Animal pollution usually comes from the presence on the watershed of domestic animals, that is, cows, sheep, and horses, or from manure spread on fields draining into the brook, or from barns or barnyards close by the water. It is the presence of this sort of pollution that furnishes the other kind of organic matter not to be distinguished by chemical analysis from the organic matter just referred to, but vastly more objectionable.
Drainage from houses and barns is responsible for the same kind of animal pollution, and while it is difficult to prove by statistics that such pollution is always dangerous to health, it is sufficiently repulsive from an æsthetic standpoint to be done away with whenever possible. Such pollution applies only to surface water, such as brooks or lakes, and the best method of detecting and evaluating this pollution is to make a careful inspection of the watershed.
If it is proposed to use the water from a certain stream for drinking purposes, the first step should be to examine carefully the area draining into the stream, to detect, if possible, all opportunities for animal wastes to find their way directly into the stream and to note whether fields sloping rapidly to the streams are manured; to see whether the stream flows through pasture land in which cows are kept, and especially to note whether houses with their accompanying outbuildings are near enough the brook so that water may at any time wash impurities down into the stream. Whenever a brook flows through woodland free from all animal pollution and not subject to pollution before entering the wood, the water is probably as pure as that in any spring or well.
On the contrary, when the water in a brook flows through a meadow used for pasture or through gullies, the sides of which are manured, or in the vicinity of houses and barns, the water is probably unfit for drinking purposes. This can be realized by standing at the edge of a barnyard and watching the rain falling first on the roof of the barn, then in larger quantities from the eaves on to the manure pile into the yard below, then accumulating in pools of reddish black concentrated liquid, until the volume is sufficient to form small rills which gradually assemble into a fair-sized stream. Similarly, the pig-pen drainage is washed out from under or even through the building, and, after combining with the barnyard drain, is carried into the stream near by. The very idea of drinking such filth is nauseating in the extreme. It is common for small slaughter-houses to be built on the side of a stream, so that the offal, carrion, and refuse of the place may be carried off without effort on the part of the owner, and there are a number of such places where brooks, used as places of deposit for slaughter-house refuse, discharge directly into the reservoirs of water works.
But this sort of animal refuse is not the most serious pollution.
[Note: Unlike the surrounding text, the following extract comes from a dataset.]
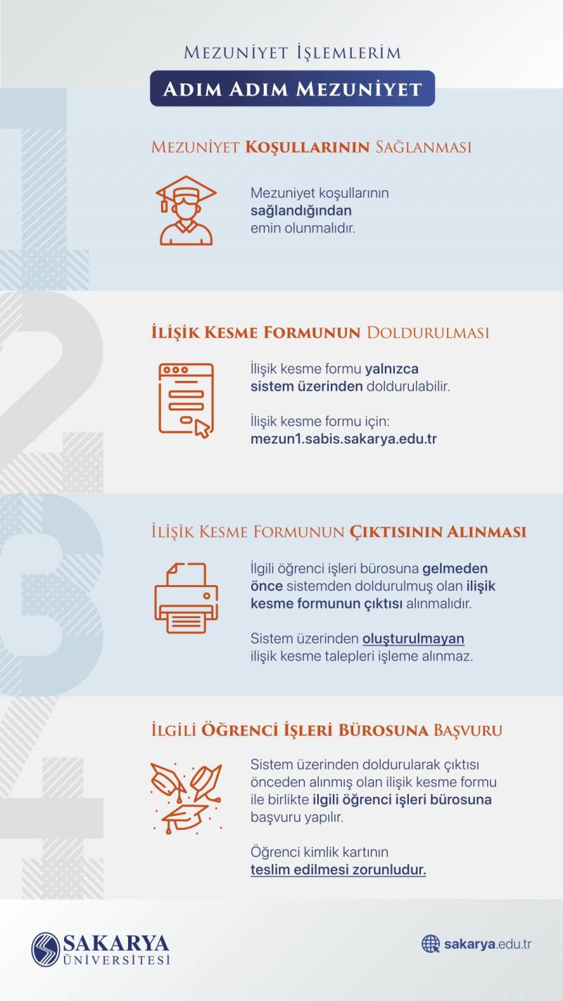 Mezuniyet iÅŸlemleri için https://mezun1.sabis.sakarya.edu.tr/ adresine giriÅŸ yapılarak Mezuniyet Anketinin doldurulması ve sonraki adımda iliÅŸik kesme formunda ilgili alanların doldurularak çıktısının alınması gerekmektedir.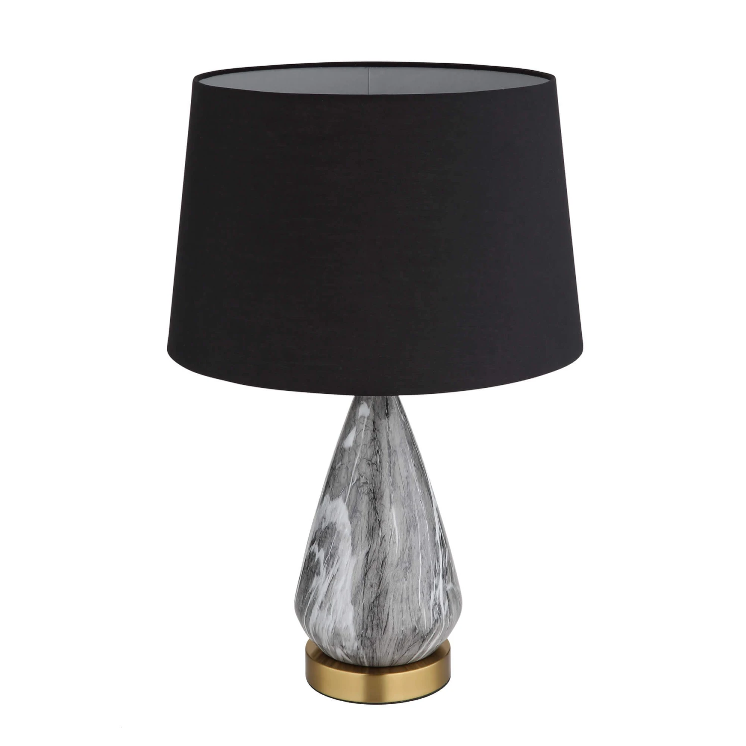 Luxuriously enhance your home with this Pisa Grey Marbled Table Lamp With Black Shade. Illuminable by an E27 LED bulb, this elegant table lamp features a black textile cylinder shade, a grey marble teardrop shaped body and a round brass metal base, creating a warm and cosy atmosphere. Operated by a convenient rocker switch, it is easy to use and fitted with a UK plug adaptor. Modern and unique in design, this stylish table lamp is perfect for adding a touch of sophistication to any room, making it ideal placed in your bedroom or living room.

The leachings and washings from privies and cesspools, carrying, as they do, germs of contagious diseases, are most to be dreaded, and when a privy (with no vault underneath) is built on the side of a steep ravine and is so located that the natural drainage of the sidehill on which it is built cannot help but run around and through the building, then the pollution of the stream in the gulley is not only direct and inevitable, but of a deadly sort (see Fig. 36). Fortunately, the germs thus carried into the stream suffer the vicissitudes of all life exposed to the attacks of hostile forces.
At the time of freshets the streams carry mud in abundance, which mud is continually settling out of the water as opportunity offers, and with this settlement of mud there occurs also the settlement of the germs. Also the pathogenic or disease-producing germs are usually weaker and more susceptible than the putrefactive and other organisms which are found in the water in great abundance after any rain storm, and which tend to inhibit or destroy the pathogenic germs. But some will survive, and, with favoring conditions, may pass through the water-pipe to the house, causing sickness, if not death.
Fig. 36.—Stream draining a privy.
Any inspection of the watershed, therefore, should look to the elimination of the dangers above described, and to the location of barns and barnyards, pig-pens and poultry yards, privies and cesspools, so that no direct drainage into the stream shall be possible.
It is out of the question for any surface water-supply to be pure, since the mere fact of the passage of water over the soil inevitably results in the collection of organic matter; and it is no exaggeration to say that the time will inevitably come in this country, as it has already in Germany, when no surface supply will be considered satisfactory unless the water is filtered. The only alternative is water gathered from areas that are owned by the individual and on which, therefore, all dwellings may be prohibited, all cultivated land avoided, and where the primeval forest may be restored, making the watershed equal to that from which forest streams emerge.